[Stored entries]

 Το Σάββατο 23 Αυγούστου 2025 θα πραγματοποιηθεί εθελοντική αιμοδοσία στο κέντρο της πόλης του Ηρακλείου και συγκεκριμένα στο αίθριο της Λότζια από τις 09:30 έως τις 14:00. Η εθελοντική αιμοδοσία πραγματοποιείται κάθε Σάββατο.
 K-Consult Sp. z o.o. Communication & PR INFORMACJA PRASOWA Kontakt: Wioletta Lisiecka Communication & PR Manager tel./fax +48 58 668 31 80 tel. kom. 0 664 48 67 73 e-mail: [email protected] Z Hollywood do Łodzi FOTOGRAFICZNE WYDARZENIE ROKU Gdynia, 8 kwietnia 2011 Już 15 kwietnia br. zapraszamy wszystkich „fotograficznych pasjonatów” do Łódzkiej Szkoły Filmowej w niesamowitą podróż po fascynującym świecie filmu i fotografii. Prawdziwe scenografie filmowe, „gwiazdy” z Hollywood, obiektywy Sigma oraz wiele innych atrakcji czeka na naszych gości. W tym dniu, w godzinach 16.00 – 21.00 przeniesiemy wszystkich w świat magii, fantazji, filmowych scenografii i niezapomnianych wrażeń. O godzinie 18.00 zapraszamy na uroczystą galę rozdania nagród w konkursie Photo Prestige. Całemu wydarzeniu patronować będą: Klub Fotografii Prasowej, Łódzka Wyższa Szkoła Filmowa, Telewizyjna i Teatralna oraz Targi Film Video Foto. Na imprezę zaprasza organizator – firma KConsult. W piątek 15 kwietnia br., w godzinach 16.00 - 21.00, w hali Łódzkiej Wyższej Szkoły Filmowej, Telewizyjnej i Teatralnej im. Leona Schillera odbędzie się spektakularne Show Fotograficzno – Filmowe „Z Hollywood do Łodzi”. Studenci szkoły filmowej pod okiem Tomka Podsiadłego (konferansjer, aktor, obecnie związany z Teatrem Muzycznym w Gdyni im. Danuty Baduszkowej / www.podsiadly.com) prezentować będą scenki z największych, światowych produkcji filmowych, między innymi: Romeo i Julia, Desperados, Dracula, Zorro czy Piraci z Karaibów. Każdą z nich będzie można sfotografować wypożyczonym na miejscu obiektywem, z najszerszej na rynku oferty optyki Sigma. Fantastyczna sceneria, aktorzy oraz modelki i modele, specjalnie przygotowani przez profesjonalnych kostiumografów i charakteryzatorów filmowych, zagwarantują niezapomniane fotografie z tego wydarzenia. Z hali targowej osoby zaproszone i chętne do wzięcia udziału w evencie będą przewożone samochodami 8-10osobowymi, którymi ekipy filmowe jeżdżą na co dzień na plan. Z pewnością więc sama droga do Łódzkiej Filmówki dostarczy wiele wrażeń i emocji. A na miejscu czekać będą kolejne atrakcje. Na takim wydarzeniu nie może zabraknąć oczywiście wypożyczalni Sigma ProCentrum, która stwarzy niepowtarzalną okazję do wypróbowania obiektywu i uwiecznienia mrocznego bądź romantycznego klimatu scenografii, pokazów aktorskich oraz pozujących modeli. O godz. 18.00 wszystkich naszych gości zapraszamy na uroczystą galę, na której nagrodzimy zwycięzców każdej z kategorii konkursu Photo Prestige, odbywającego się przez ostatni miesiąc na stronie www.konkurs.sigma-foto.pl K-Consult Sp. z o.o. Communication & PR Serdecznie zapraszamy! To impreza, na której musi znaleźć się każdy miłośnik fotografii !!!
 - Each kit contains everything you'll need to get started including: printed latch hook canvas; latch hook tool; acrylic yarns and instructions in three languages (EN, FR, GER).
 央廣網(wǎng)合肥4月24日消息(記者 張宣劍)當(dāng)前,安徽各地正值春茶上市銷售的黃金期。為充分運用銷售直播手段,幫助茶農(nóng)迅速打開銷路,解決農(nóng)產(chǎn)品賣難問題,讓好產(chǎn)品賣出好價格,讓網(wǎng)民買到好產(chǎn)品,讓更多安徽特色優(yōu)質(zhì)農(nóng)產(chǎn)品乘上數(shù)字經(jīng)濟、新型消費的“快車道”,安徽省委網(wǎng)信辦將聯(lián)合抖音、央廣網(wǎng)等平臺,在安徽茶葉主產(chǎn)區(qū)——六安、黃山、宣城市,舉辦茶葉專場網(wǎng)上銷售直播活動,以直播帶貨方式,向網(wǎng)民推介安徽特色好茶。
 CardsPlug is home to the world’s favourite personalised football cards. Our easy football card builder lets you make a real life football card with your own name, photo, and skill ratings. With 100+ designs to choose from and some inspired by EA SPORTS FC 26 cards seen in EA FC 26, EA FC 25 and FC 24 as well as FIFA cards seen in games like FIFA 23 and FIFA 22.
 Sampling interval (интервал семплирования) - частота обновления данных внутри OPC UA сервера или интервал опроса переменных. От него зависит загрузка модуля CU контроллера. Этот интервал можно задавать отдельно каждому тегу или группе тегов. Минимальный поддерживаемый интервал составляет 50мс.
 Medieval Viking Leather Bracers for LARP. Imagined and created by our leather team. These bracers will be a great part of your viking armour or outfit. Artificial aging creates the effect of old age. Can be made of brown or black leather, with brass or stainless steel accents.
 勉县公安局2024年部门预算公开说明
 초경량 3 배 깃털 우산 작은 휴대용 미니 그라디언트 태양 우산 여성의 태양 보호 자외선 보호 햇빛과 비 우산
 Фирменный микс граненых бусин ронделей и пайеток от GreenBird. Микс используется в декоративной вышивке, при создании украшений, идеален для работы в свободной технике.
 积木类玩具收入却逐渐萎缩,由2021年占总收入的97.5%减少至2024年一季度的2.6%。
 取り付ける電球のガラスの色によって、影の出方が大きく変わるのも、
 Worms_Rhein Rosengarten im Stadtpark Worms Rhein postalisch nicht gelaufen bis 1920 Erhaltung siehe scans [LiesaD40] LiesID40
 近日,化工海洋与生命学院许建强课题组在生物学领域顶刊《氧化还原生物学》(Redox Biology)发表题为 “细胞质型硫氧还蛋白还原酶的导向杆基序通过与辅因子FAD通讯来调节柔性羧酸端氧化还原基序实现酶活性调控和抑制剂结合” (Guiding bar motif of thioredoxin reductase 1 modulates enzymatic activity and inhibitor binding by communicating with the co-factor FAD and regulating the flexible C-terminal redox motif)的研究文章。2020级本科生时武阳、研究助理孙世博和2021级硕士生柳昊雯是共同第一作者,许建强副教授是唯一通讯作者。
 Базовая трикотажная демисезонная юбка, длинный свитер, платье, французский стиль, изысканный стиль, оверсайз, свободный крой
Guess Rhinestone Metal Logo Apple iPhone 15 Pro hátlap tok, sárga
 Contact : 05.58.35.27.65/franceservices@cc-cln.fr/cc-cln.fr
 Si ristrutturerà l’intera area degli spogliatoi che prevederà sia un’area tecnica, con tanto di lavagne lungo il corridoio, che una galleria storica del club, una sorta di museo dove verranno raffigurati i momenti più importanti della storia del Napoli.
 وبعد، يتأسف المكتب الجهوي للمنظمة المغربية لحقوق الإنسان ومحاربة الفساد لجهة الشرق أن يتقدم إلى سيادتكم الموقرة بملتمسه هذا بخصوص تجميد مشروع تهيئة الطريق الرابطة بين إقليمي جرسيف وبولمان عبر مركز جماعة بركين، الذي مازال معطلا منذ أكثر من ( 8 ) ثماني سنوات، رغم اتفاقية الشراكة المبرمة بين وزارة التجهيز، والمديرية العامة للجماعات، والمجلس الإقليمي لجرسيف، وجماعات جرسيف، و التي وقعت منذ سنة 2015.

[Task directions]: Each entry above has to be transcribed exactly as it appears.

[Your response]:
 Το Σάββατο 23 Αυγούστου 2025 θα πραγματοποιηθεί εθελοντική αιμοδοσία στο κέντρο της πόλης του Ηρακλείου και συγκεκριμένα στο αίθριο της Λότζια από τις 09:30 έως τις 14:00. Η εθελοντική αιμοδοσία πραγματοποιείται κάθε Σάββατο.
 K-Consult Sp. z o.o. Communication & PR INFORMACJA PRASOWA Kontakt: Wioletta Lisiecka Communication & PR Manager tel./fax +48 58 668 31 80 tel. kom. 0 664 48 67 73 e-mail: [email protected] Z Hollywood do Łodzi FOTOGRAFICZNE WYDARZENIE ROKU Gdynia, 8 kwietnia 2011 Już 15 kwietnia br. zapraszamy wszystkich „fotograficznych pasjonatów” do Łódzkiej Szkoły Filmowej w niesamowitą podróż po fascynującym świecie filmu i fotografii. Prawdziwe scenografie filmowe, „gwiazdy” z Hollywood, obiektywy Sigma oraz wiele innych atrakcji czeka na naszych gości. W tym dniu, w godzinach 16.00 – 21.00 przeniesiemy wszystkich w świat magii, fantazji, filmowych scenografii i niezapomnianych wrażeń. O godzinie 18.00 zapraszamy na uroczystą galę rozdania nagród w konkursie Photo Prestige. Całemu wydarzeniu patronować będą: Klub Fotografii Prasowej, Łódzka Wyższa Szkoła Filmowa, Telewizyjna i Teatralna oraz Targi Film Video Foto. Na imprezę zaprasza organizator – firma KConsult. W piątek 15 kwietnia br., w godzinach 16.00 - 21.00, w hali Łódzkiej Wyższej Szkoły Filmowej, Telewizyjnej i Teatralnej im. Leona Schillera odbędzie się spektakularne Show Fotograficzno – Filmowe „Z Hollywood do Łodzi”. Studenci szkoły filmowej pod okiem Tomka Podsiadłego (konferansjer, aktor, obecnie związany z Teatrem Muzycznym w Gdyni im. Danuty Baduszkowej / www.podsiadly.com) prezentować będą scenki z największych, światowych produkcji filmowych, między innymi: Romeo i Julia, Desperados, Dracula, Zorro czy Piraci z Karaibów. Każdą z nich będzie można sfotografować wypożyczonym na miejscu obiektywem, z najszerszej na rynku oferty optyki Sigma. Fantastyczna sceneria, aktorzy oraz modelki i modele, specjalnie przygotowani przez profesjonalnych kostiumografów i charakteryzatorów filmowych, zagwarantują niezapomniane fotografie z tego wydarzenia. Z hali targowej osoby zaproszone i chętne do wzięcia udziału w evencie będą przewożone samochodami 8-10osobowymi, którymi ekipy filmowe jeżdżą na co dzień na plan. Z pewnością więc sama droga do Łódzkiej Filmówki dostarczy wiele wrażeń i emocji. A na miejscu czekać będą kolejne atrakcje. Na takim wydarzeniu nie może zabraknąć oczywiście wypożyczalni Sigma ProCentrum, która stwarzy niepowtarzalną okazję do wypróbowania obiektywu i uwiecznienia mrocznego bądź romantycznego klimatu scenografii, pokazów aktorskich oraz pozujących modeli. O godz. 18.00 wszystkich naszych gości zapraszamy na uroczystą galę, na której nagrodzimy zwycięzców każdej z kategorii konkursu Photo Prestige, odbywającego się przez ostatni miesiąc na stronie www.konkurs.sigma-foto.pl K-Consult Sp. z o.o. Communication & PR Serdecznie zapraszamy! To impreza, na której musi znaleźć się każdy miłośnik fotografii !!!
 - Each kit contains everything you'll need to get started including: printed latch hook canvas; latch hook tool; acrylic yarns and instructions in three languages (EN, FR, GER).
 央廣網(wǎng)合肥4月24日消息(記者 張宣劍)當(dāng)前,安徽各地正值春茶上市銷售的黃金期。為充分運用銷售直播手段,幫助茶農(nóng)迅速打開銷路,解決農(nóng)產(chǎn)品賣難問題,讓好產(chǎn)品賣出好價格,讓網(wǎng)民買到好產(chǎn)品,讓更多安徽特色優(yōu)質(zhì)農(nóng)產(chǎn)品乘上數(shù)字經(jīng)濟、新型消費的“快車道”,安徽省委網(wǎng)信辦將聯(lián)合抖音、央廣網(wǎng)等平臺,在安徽茶葉主產(chǎn)區(qū)——六安、黃山、宣城市,舉辦茶葉專場網(wǎng)上銷售直播活動,以直播帶貨方式,向網(wǎng)民推介安徽特色好茶。
 CardsPlug is home to the world’s favourite personalised football cards. Our easy football card builder lets you make a real life football card with your own name, photo, and skill ratings. With 100+ designs to choose from and some inspired by EA SPORTS FC 26 cards seen in EA FC 26, EA FC 25 and FC 24 as well as FIFA cards seen in games like FIFA 23 and FIFA 22.
 Sampling interval (интервал семплирования) - частота обновления данных внутри OPC UA сервера или интервал опроса переменных. От него зависит загрузка модуля CU контроллера. Этот интервал можно задавать отдельно каждому тегу или группе тегов. Минимальный поддерживаемый интервал составляет 50мс.
 Medieval Viking Leather Bracers for LARP. Imagined and created by our leather team. These bracers will be a great part of your viking armour or outfit. Artificial aging creates the effect of old age. Can be made of brown or black leather, with brass or stainless steel accents.
 勉县公安局2024年部门预算公开说明
 초경량 3 배 깃털 우산 작은 휴대용 미니 그라디언트 태양 우산 여성의 태양 보호 자외선 보호 햇빛과 비 우산
 Фирменный микс граненых бусин ронделей и пайеток от GreenBird. Микс используется в декоративной вышивке, при создании украшений, идеален для работы в свободной технике.
 积木类玩具收入却逐渐萎缩,由2021年占总收入的97.5%减少至2024年一季度的2.6%。
 取り付ける電球のガラスの色によって、影の出方が大きく変わるのも、
 Worms_Rhein Rosengarten im Stadtpark Worms Rhein postalisch nicht gelaufen bis 1920 Erhaltung siehe scans [LiesaD40] LiesID40
 近日,化工海洋与生命学院许建强课题组在生物学领域顶刊《氧化还原生物学》(Redox Biology)发表题为 “细胞质型硫氧还蛋白还原酶的导向杆基序通过与辅因子FAD通讯来调节柔性羧酸端氧化还原基序实现酶活性调控和抑制剂结合” (Guiding bar motif of thioredoxin reductase 1 modulates enzymatic activity and inhibitor binding by communicating with the co-factor FAD and regulating the flexible C-terminal redox motif)的研究文章。2020级本科生时武阳、研究助理孙世博和2021级硕士生柳昊雯是共同第一作者,许建强副教授是唯一通讯作者。
 Базовая трикотажная демисезонная юбка, длинный свитер, платье, французский стиль, изысканный стиль, оверсайз, свободный крой
Guess Rhinestone Metal Logo Apple iPhone 15 Pro hátlap tok, sárga
 Contact : 05.58.35.27.65/franceservices@cc-cln.fr/cc-cln.fr
 Si ristrutturerà l’intera area degli spogliatoi che prevederà sia un’area tecnica, con tanto di lavagne lungo il corridoio, che una galleria storica del club, una sorta di museo dove verranno raffigurati i momenti più importanti della storia del Napoli.
 وبعد، يتأسف المكتب الجهوي للمنظمة المغربية لحقوق الإنسان ومحاربة الفساد لجهة الشرق أن يتقدم إلى سيادتكم الموقرة بملتمسه هذا بخصوص تجميد مشروع تهيئة الطريق الرابطة بين إقليمي جرسيف وبولمان عبر مركز جماعة بركين، الذي مازال معطلا منذ أكثر من ( 8 ) ثماني سنوات، رغم اتفاقية الشراكة المبرمة بين وزارة التجهيز، والمديرية العامة للجماعات، والمجلس الإقليمي لجرسيف، وجماعات جرسيف، و التي وقعت منذ سنة 2015.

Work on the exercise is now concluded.